I'm known around the traps at the "feminist hater", which I personally find hilarious because anyone who knows me knows that I believe women are equal to men, not "should be", or "have to keep fighting to be viewed as" but actually, RIGHT NOW equal to men. I simply believe that women need to claim that understanding for themselves.
There is a FANTASTIC scene in this movie that illustrates my point exactly. The main protagonist, a tiny, mousey woman named Rita O'Grady, finds herself thrust into the leadership role of a group of women machinists for the Ford Car Manufacturing plant in Dagenham. To everyone's surprise, not least her own, she discovers a fierce inner voice and fighting force that leads these women into strike action, drawing ire from almost everyone around them.

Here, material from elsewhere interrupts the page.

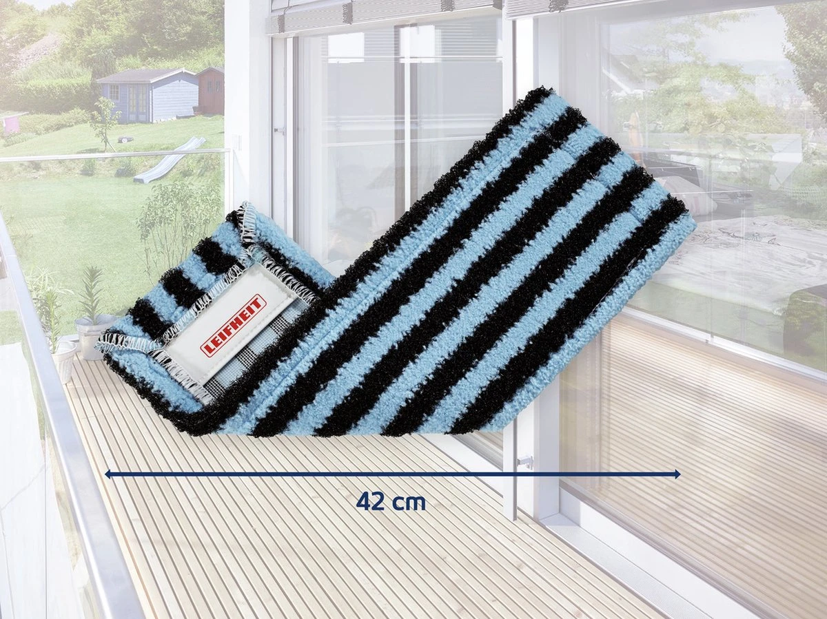 De specialist voor buiten: De strepen van de weerbestendige kunststof borstels verwijderen zelfs het hardnekkigste vuil. Of het nu om terrassen, balkons, buitentrappen of de garage gaat. De daartussen liggende microvezelstrepen nemen het verwijderde vuil op. Special clips maken de eenvoudige bevestiging aan de Leifheit-doekpers Profi mogelijk. Breedte 42 cm. Uitwasbaar op 60°C.

In one scene her own husband is all but pleading her to stop her fight, and in his monologue he points out to her that he doesn't go down the pub and drink all their money away, or cheat on her, or beat her and their children,. In other words, he does better by her than so many men in their community do by their wives.
Instead of being grateful that he is such a good husband and father, she vehemently retorts that living without abuse is her RIGHT, not a privilege bestowed upon her by a benevolent husband.

The women of Dagenham, who are briefly featured in person in the closing credits, were just regular, not highly educated women, who were not concerned with how words were spelled to entrench the patriarchy or whether or not shaving their legs signified male oppression. They wanted fair acknowledgement for the work they did, they work they had to do to put food in their children's bellies. While the comfortable middle-classes organise petitions and use fancy words to dance predatory circles around one another, these women put their jobs on the line for acknowledgement.

Only people with everything to lose are willing to risk everything for a slim chance of winning and the women of Dagenham reeled in a winner for women around the world!